» WHAT IS NEEDED
Pictures stay out of the copy, and everything else in the data below is repeated exactly.

» GIVEN MATERIAL

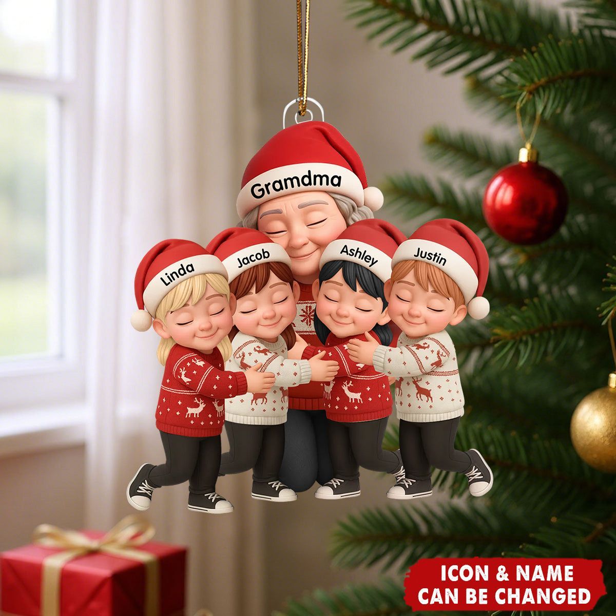 Grandma Hugging Grandkids - Personalized Acrylic Ornament - Heartwarming Christmas Gift for Grandma, Grandkids
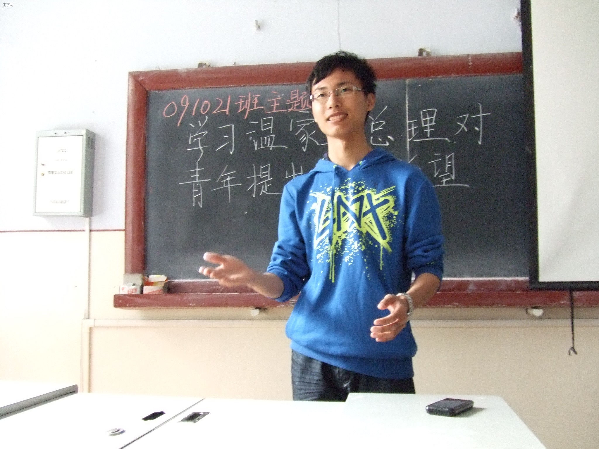 5月11日下午,091021班在11#0123教室开展团日活动,就温家宝总理对青年成才提出五点希望展开讨论,一方面谈到对五四运动的感受,也对“有理想,善学习,讲道德,要自立,勇奋斗”五点希望表达了自己的感受。
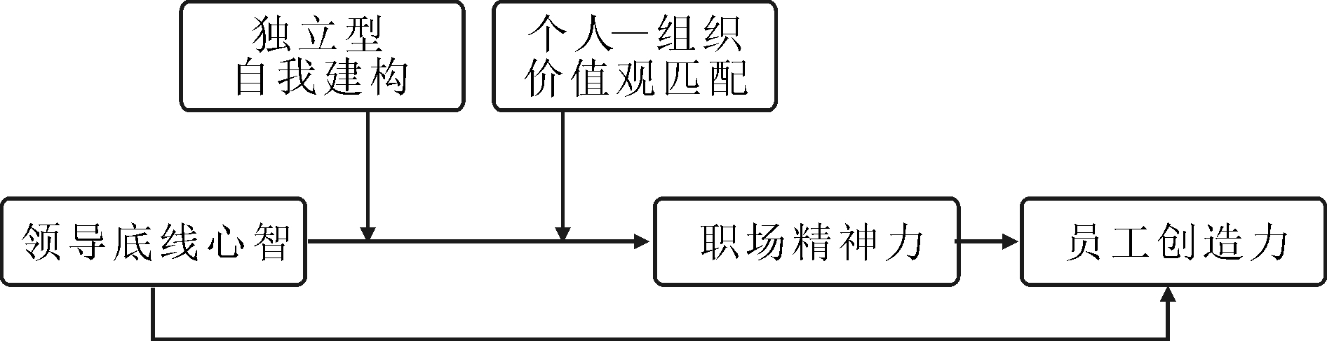 H4:职场精神力在领导底线心智与新生代员工创造力之间发挥中介作用。

» EXERCISE OUTPUT
 Grandma Hugging Grandkids - Personalized Acrylic Ornament - Heartwarming Christmas Gift for Grandma, Grandkids
 5月11日下午,091021班在11#0123教室开展团日活动,就温家宝总理对青年成才提出五点希望展开讨论,一方面谈到对五四运动的感受,也对“有理想,善学习,讲道德,要自立,勇奋斗”五点希望表达了自己的感受。
 H4:职场精神力在领导底线心智与新生代员工创造力之间发挥中介作用。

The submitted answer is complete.